| HN Mirror

Y	Hacker News new \| ask \| show \| jobs

by dredmorbius 1089 days ago

So, some further thoughts on your methodology:

- It's comprehensive. That's ... admirable, but not necessarily efficient in data analysis. There's a lot to be said for both random sampling and inference.

- You might get more mileage by looking at the top-n stories of a given day. I'd suggest 3--5 items. There's a considerable fall-off in activity from storypos 1 to storypos 30 (1st to 30th items on the front page archive), which is one of the dimensions I've looked at.

- The thought that's occurred to me over the past few days is that this seems like a natural area in which LLM / GPT techniques might be used to classify posts given training data.

- Tuple and ngram analysis can also turn up interesting patterns.

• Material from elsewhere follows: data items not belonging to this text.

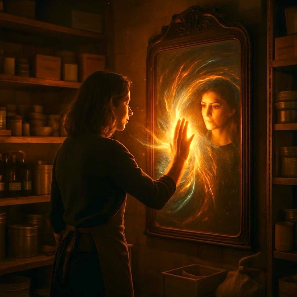 As I looked deeper into the mirror, I saw myself not as I was, but as I could be. Confident. Fearless. Alive in ways I'd forgotten were possible. The reflection reached out her hand, pressing it against the glass from her side. I raised mine, matching her gesture, and when our palms met, I felt a surge of energy course through me.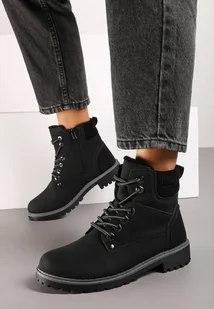 Czarne Płaskie Klasyczne Traperki ze Sznurowaniem Lobanne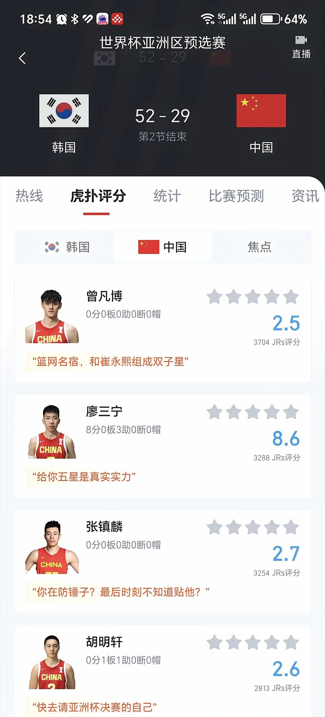 中国男篮打韩国真给我看笑了2024-2025赛季CBA常规赛国内球员得分榜前14的球员里面,只有胡金秋一人在国家队中,请问郭指导,选人的依据到底是什么?国家队到底靠谁得分?选了一堆CBA联赛都打不明白的防守蓝领上场打韩国队,全场最多时候落后32分,所以说好的防守大战呢?真的可以靠不得分的防守取胜吗?我随便选12人大名单都不至于被韩国队打的这么狼狈!大半夜真的气得不行!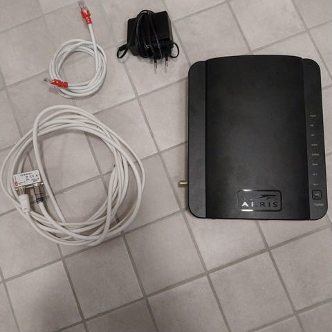 Käyttämätön kaapelimodeemi, kaikki alkuperäiset osat tallessa.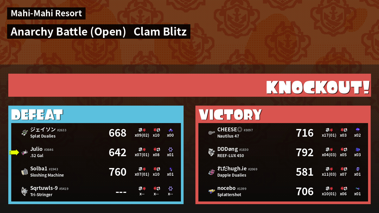 | Mode | Clam Blitz - Anarchy Battle (Open) | ||
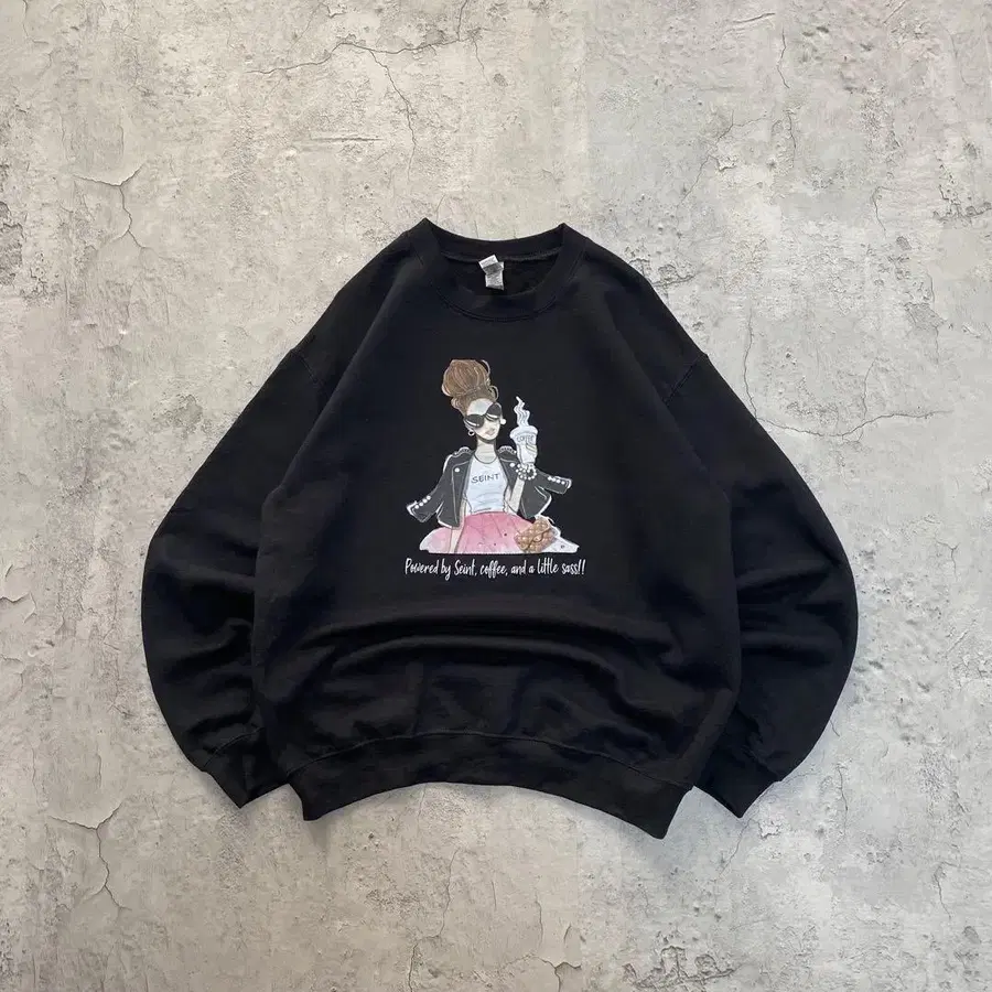 길단 USA 구제 의류 여자 커피 아트 프린트 맨투맨 블랙
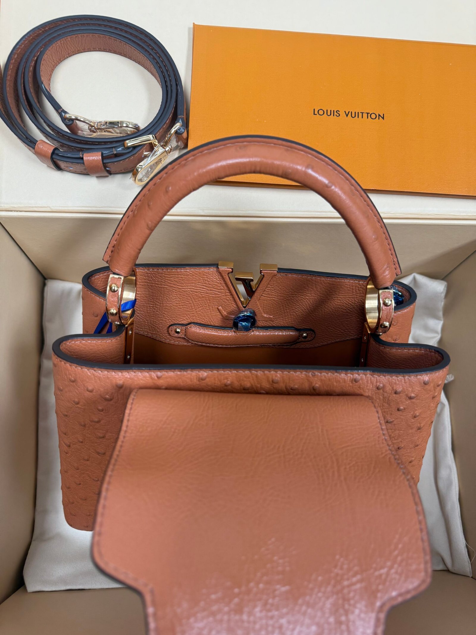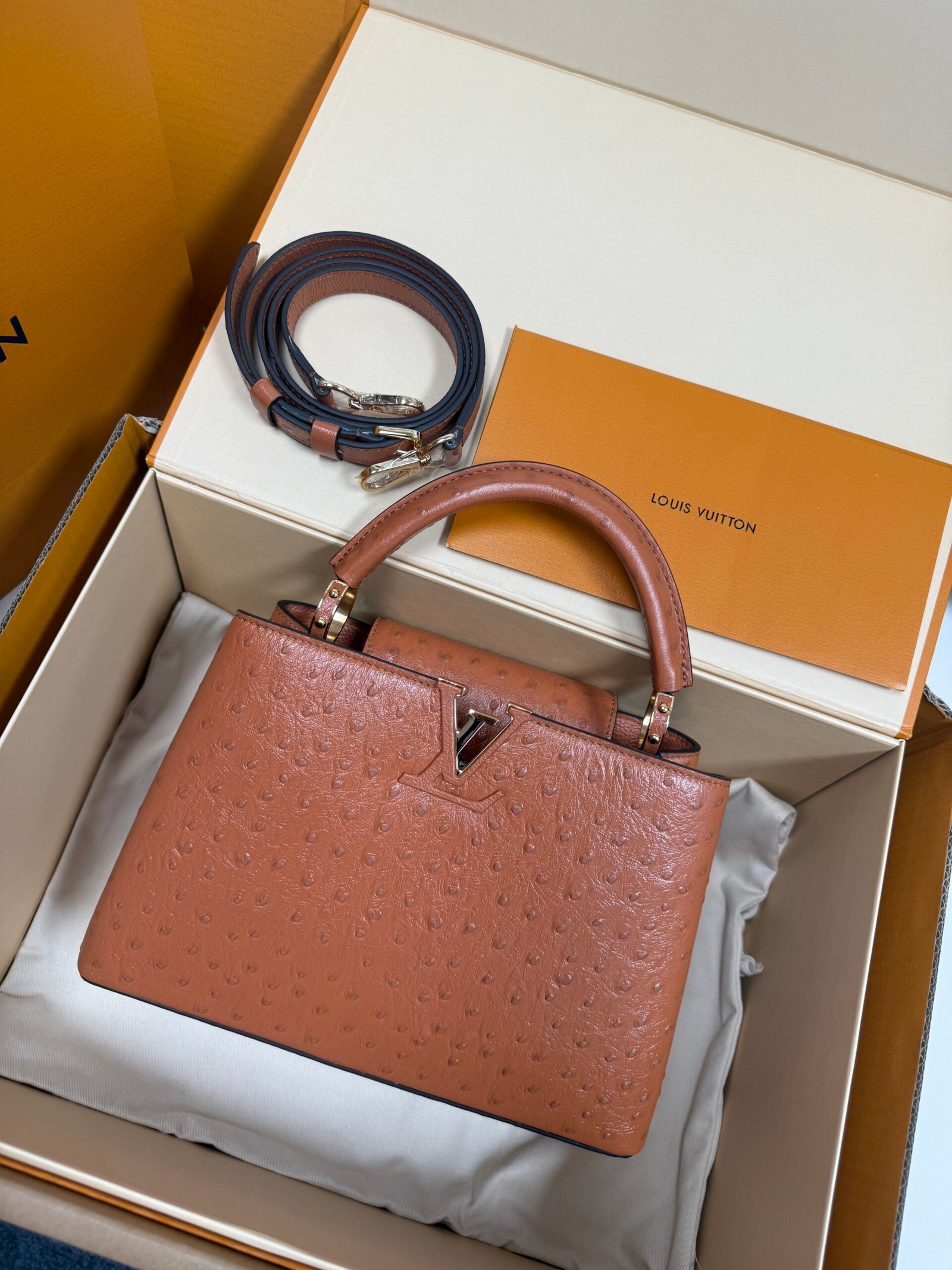 Louis Vuitton Capucines BB Ostrich Leather Handbag Model: M24714 Size: 27cm*18cm*9cm
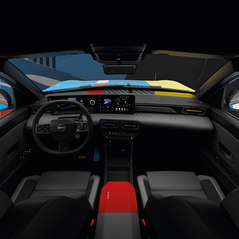 Dès le premier regard, la voiture affirme une identité forte. À mesure que l’on s’en approche, la richesse des détails se révèle. Les formes et les couleurs, volontairement asymétriques, composent un équilibre qui invite à observer le véhicule sous tous ses angles et à engager un dialogue visuel. Ce dialogue prend vie dès le démarrage, avec l’animation de l’écran principal qui se propage en vagues colorées, prolongée par les textures qui s’invitent à l’intérieur, des accents chromatiques sur les pédales, les éléments de ventilation, le volant et la console centrale. Des signatures graphiques simples qui font écho au design extérieur de la Micra Édition Signature et renforcent l’expérience à bord.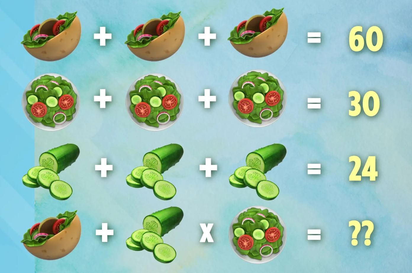 Η απάντηση στο μαθηματικό πρόβλημα είναι 100. Πρέπει πρώτα να πολλαπλασιάσουμε την αξία του αγγουριού (8) και της σαλάτας (10) – που φτάνει στο 80 – και στη συνέχεια να προσθέσουμε την αξία του τάκο (20) σε αυτό.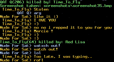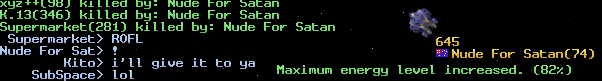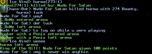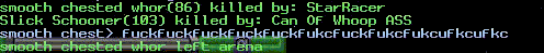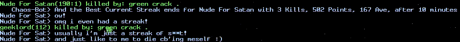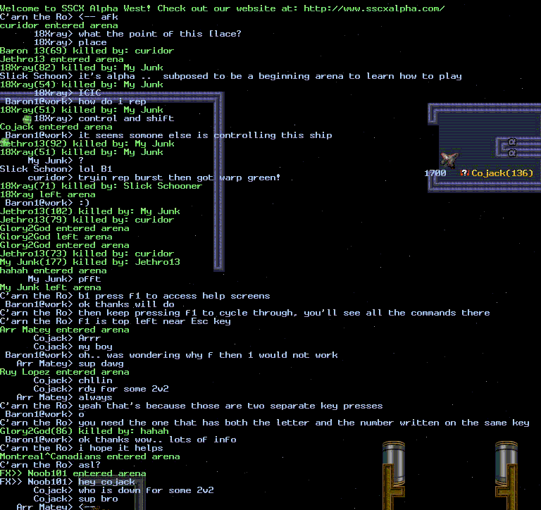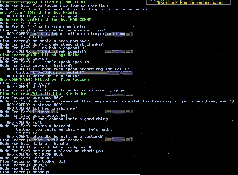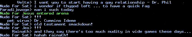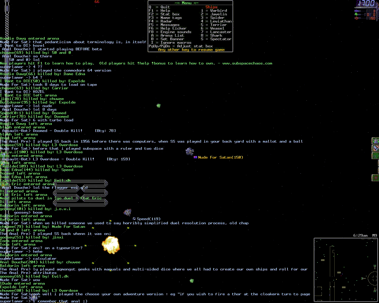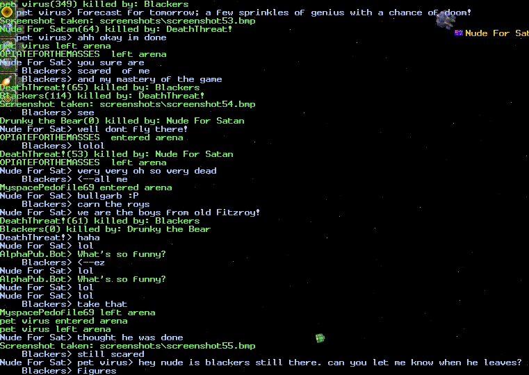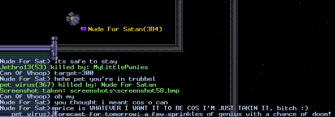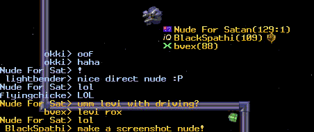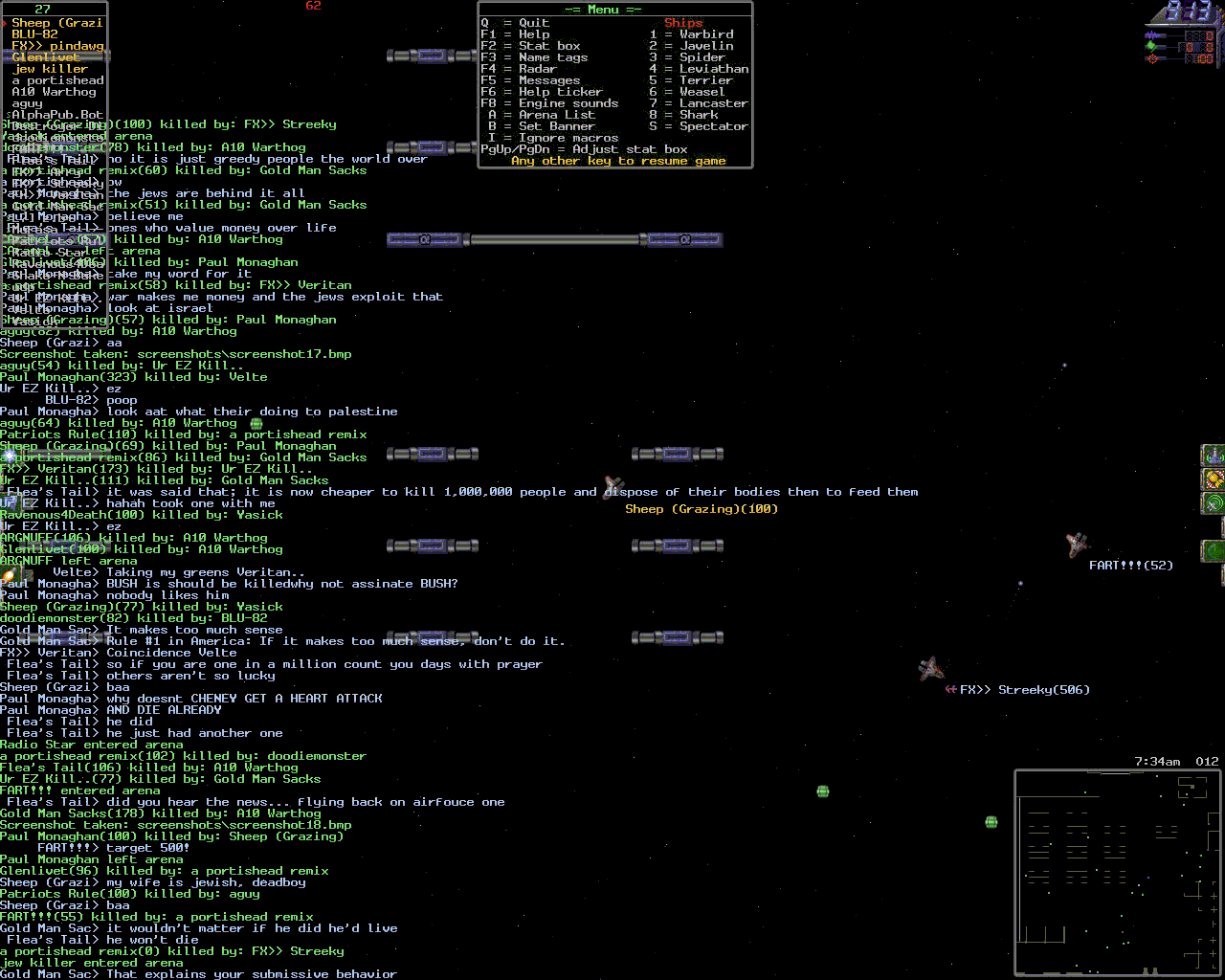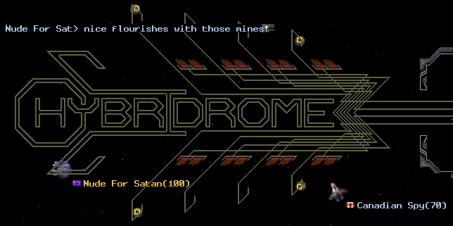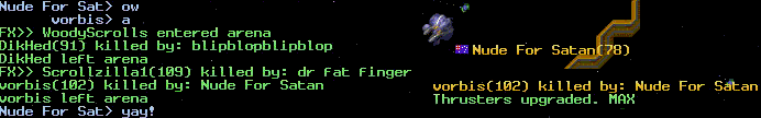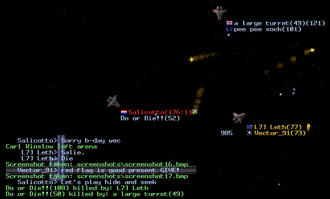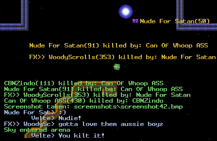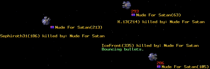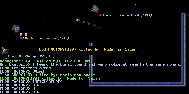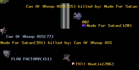 This idiot was levelling abuse at Red Lisa so I thought I'd gut him. Later I ploughed three consecutive ships' bullet streams, the last being this Default feller, who was kind enough to tell me to 'die fagget'. The moral of this story: I spell my trash-talking better than Default does. ![]() |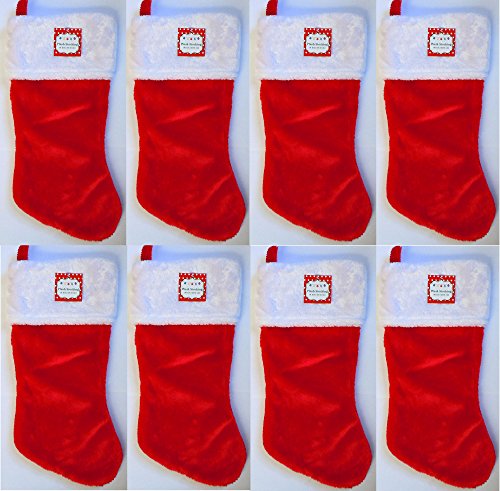18" Plush Deluxe Red Christmas Stocking (8 Pack) W/White Plush Cuff & Red Hanging Tag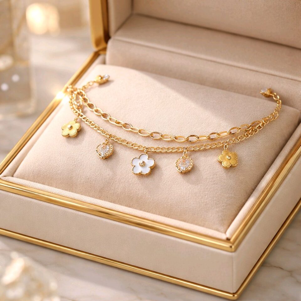 Moderno set de collar y pulsera de acero inoxidable seleccionado. Lujo discreto que enamora.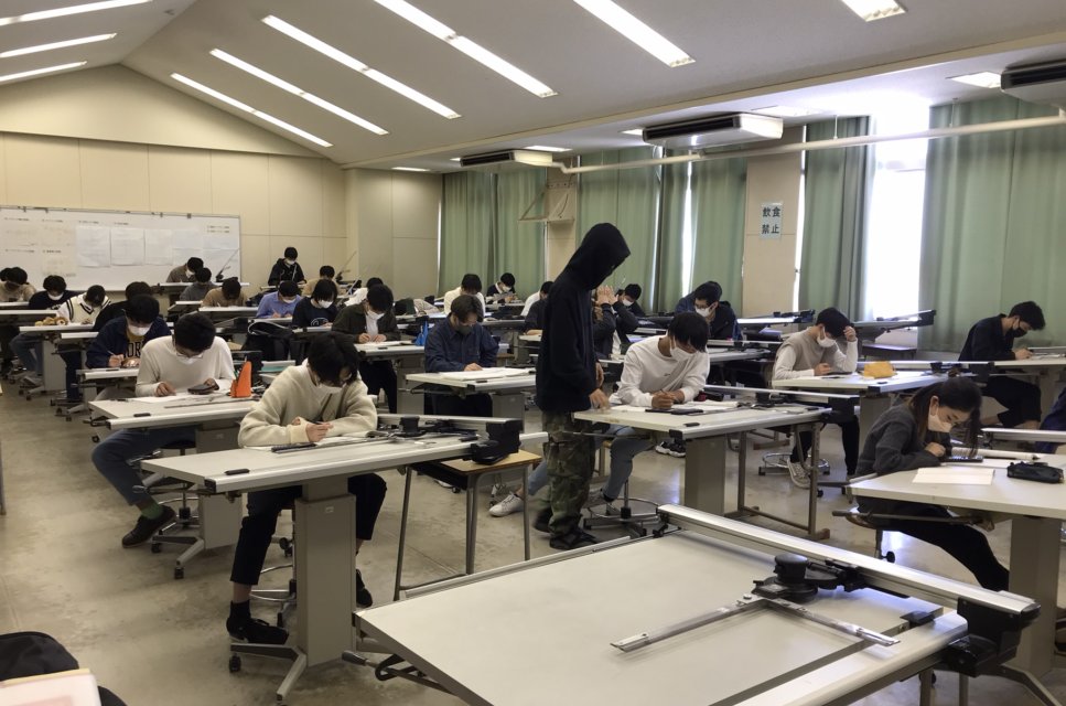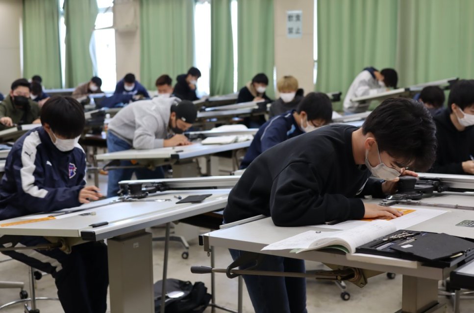設計製図授業風景(女子学生も図面とにらめっこ)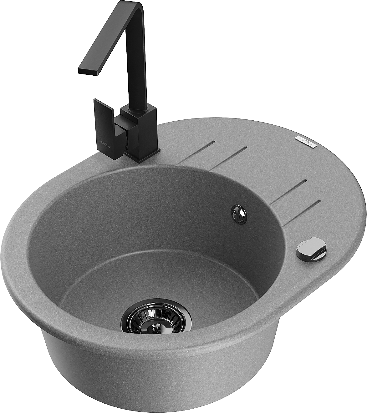 Mexen Kevin zlewozmywak granitowy 1-komorowy z ociekaczem i baterią kuchenną Rita, szary - 6517-71-670300-70-B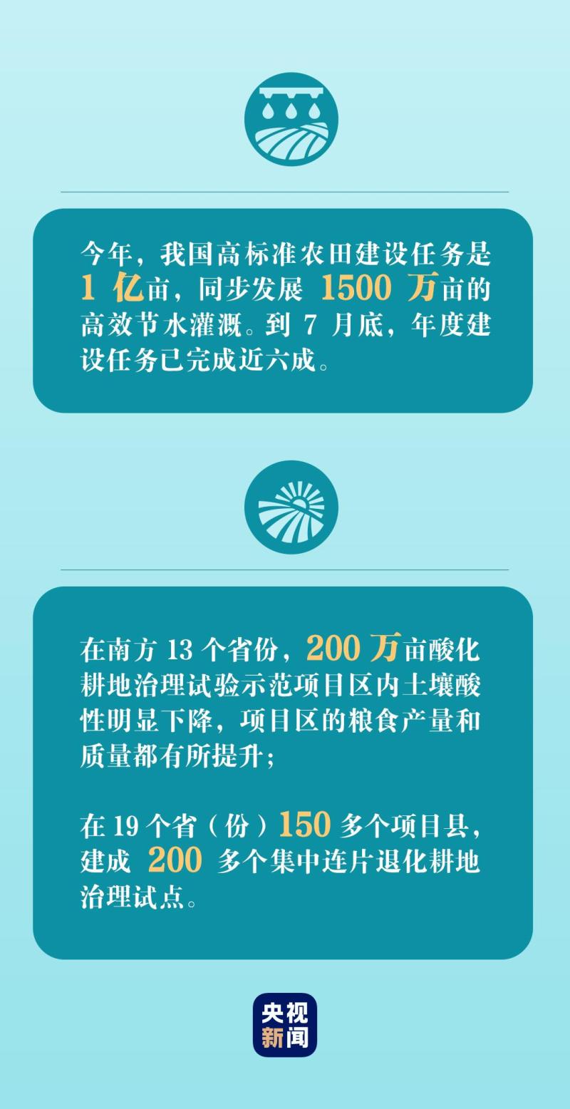 農(nóng)業(yè)農(nóng)村部有關負責人介紹,今年以來,我國加強農(nóng)田基礎設施建設,有力推進耕地地力保護和提升,提高糧食產(chǎn)能。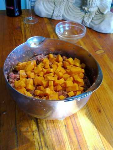 En este punto suele añadir algún vino tinto, preferiblemente un puerto. Agregar las batatas en cubos.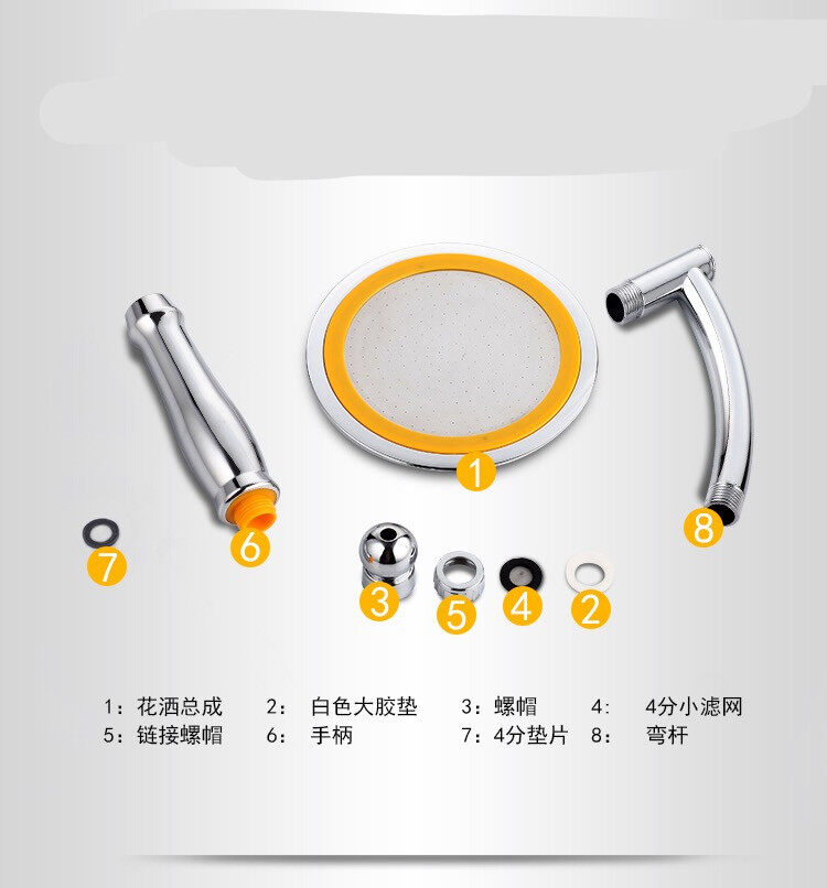 Item type:Shower NozzleOperating temperature:100 Celsius or lessFunction:Air bubble,rain,massage,sprayProcess:ElectroplatingNominal pressure:Specific weighing,Pressure boost and anti-block design,Ergonomic handleColor:yellow+silverMaterial:ABSProduct size:diameter 15cmPackage Contents:1* shower head

Here it's useful to have a base corpus from which universal tendencies can be inferred, and to look at statistically improbably terms which occur both from the HN subject corpus to the universal corpus (terms and phrases which HN finds significant), as well as changing trends over time within the HN corpus.

- Day-of-week and month-of-year analysis can also show interesting patterns, and I've looked at a bit of the first. I'd really like to know if there's an HN "September" (on an annual basis).

- I took a look at your data and ... spreadsheets. Maybe I'm old-school, but flatfiles and gawk are really my style.